TASK
The listing, minus its pictures, is to be given again exactly.

SUPPLIED MATERIAL
- - -
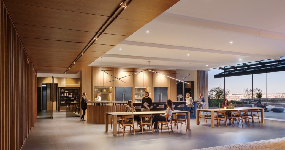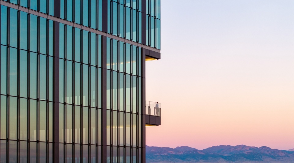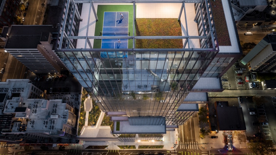 该建筑的设计采用了独特的阶梯式体量形态,促进了室内外空间的融合。体量变化营造出共11处私密租户露台,而主楼的第七层则设置了一处朝向库尔斯球场(Coors Field)与落基山脉的1万平方英尺共享露台。该露台兼为裙楼的绿色屋顶,配有丰富的景观元素、休闲座椅和开放空间,用于协作与放松。露台与其所在的配套设施层通过可开启的玻璃幕墙相连,室内设有先进健身中心、多功能会议中心、多用途董事会议室、高级休闲厅以及高尔夫模拟器。建筑的共享空间还包括屋顶活动平台,其中设有全球最高的户外匹克球场,并可享受360度城市全景。
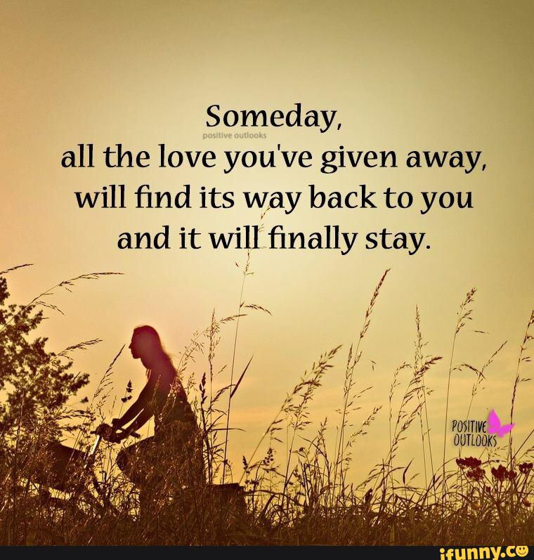 Someday all the love you've given away. Sakurasdfghjkl liked this. C60458 Black Someday All The Love Youve Given Away Will Come Back to You and it Will Finally Stay. I am patiently waiting and searching for a man that could love me and accepts and love my daughter above all.
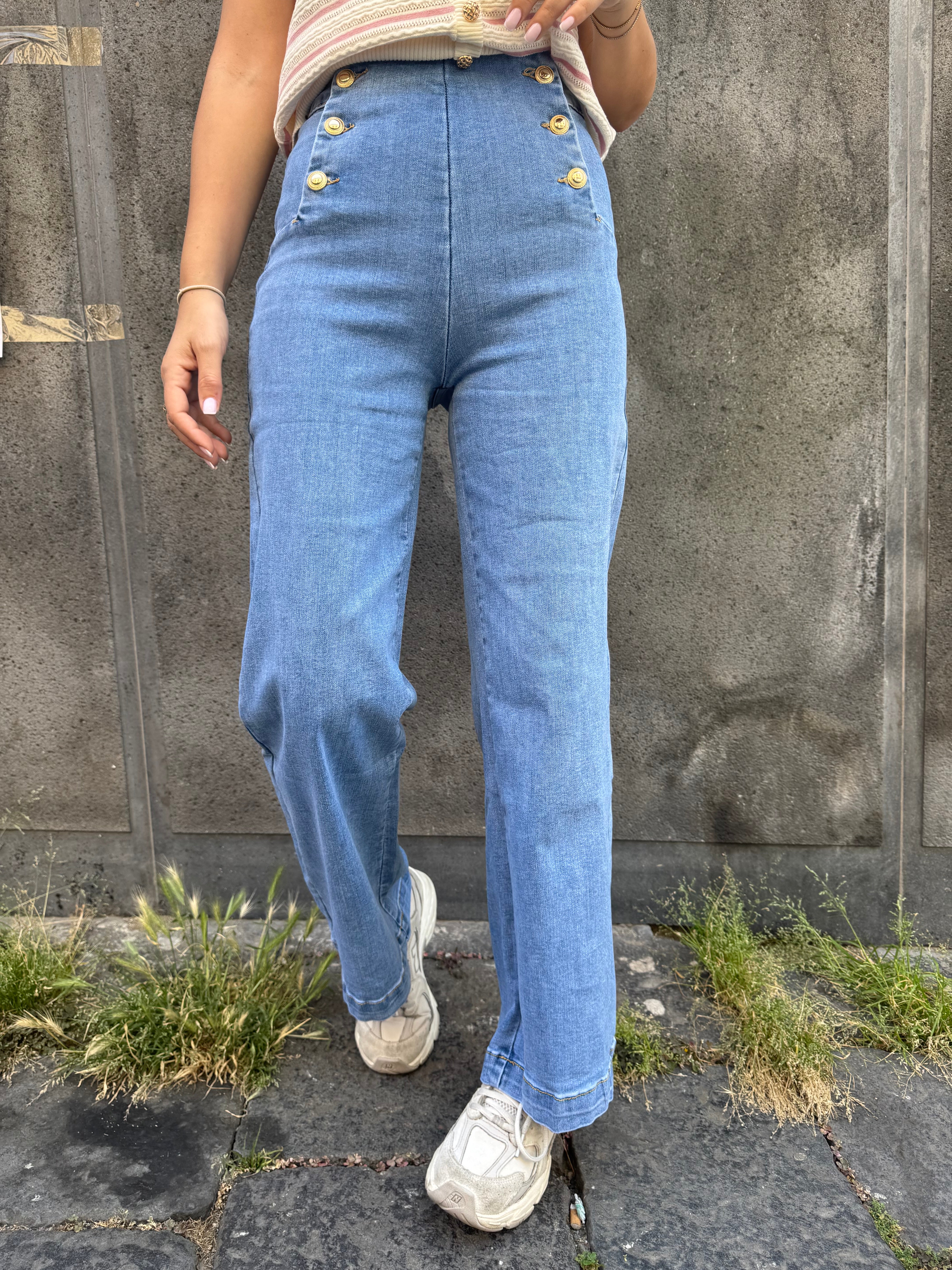 jeans con bottoni laterali
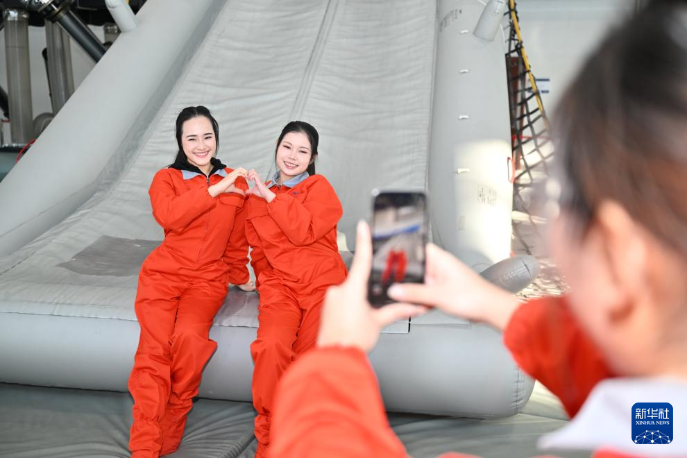 在中国民航大学,泰国学员黄雅仪(左)与同学在课间相互拍照留念(1月20日摄)。
- - -
RESPONSE FOR THIS EXERCISE
 该建筑的设计采用了独特的阶梯式体量形态,促进了室内外空间的融合。体量变化营造出共11处私密租户露台,而主楼的第七层则设置了一处朝向库尔斯球场(Coors Field)与落基山脉的1万平方英尺共享露台。该露台兼为裙楼的绿色屋顶,配有丰富的景观元素、休闲座椅和开放空间,用于协作与放松。露台与其所在的配套设施层通过可开启的玻璃幕墙相连,室内设有先进健身中心、多功能会议中心、多用途董事会议室、高级休闲厅以及高尔夫模拟器。建筑的共享空间还包括屋顶活动平台,其中设有全球最高的户外匹克球场,并可享受360度城市全景。
 Someday all the love you've given away. Sakurasdfghjkl liked this. C60458 Black Someday All The Love Youve Given Away Will Come Back to You and it Will Finally Stay. I am patiently waiting and searching for a man that could love me and accepts and love my daughter above all.
 jeans con bottoni laterali
 在中国民航大学,泰国学员黄雅仪(左)与同学在课间相互拍照留念(1月20日摄)。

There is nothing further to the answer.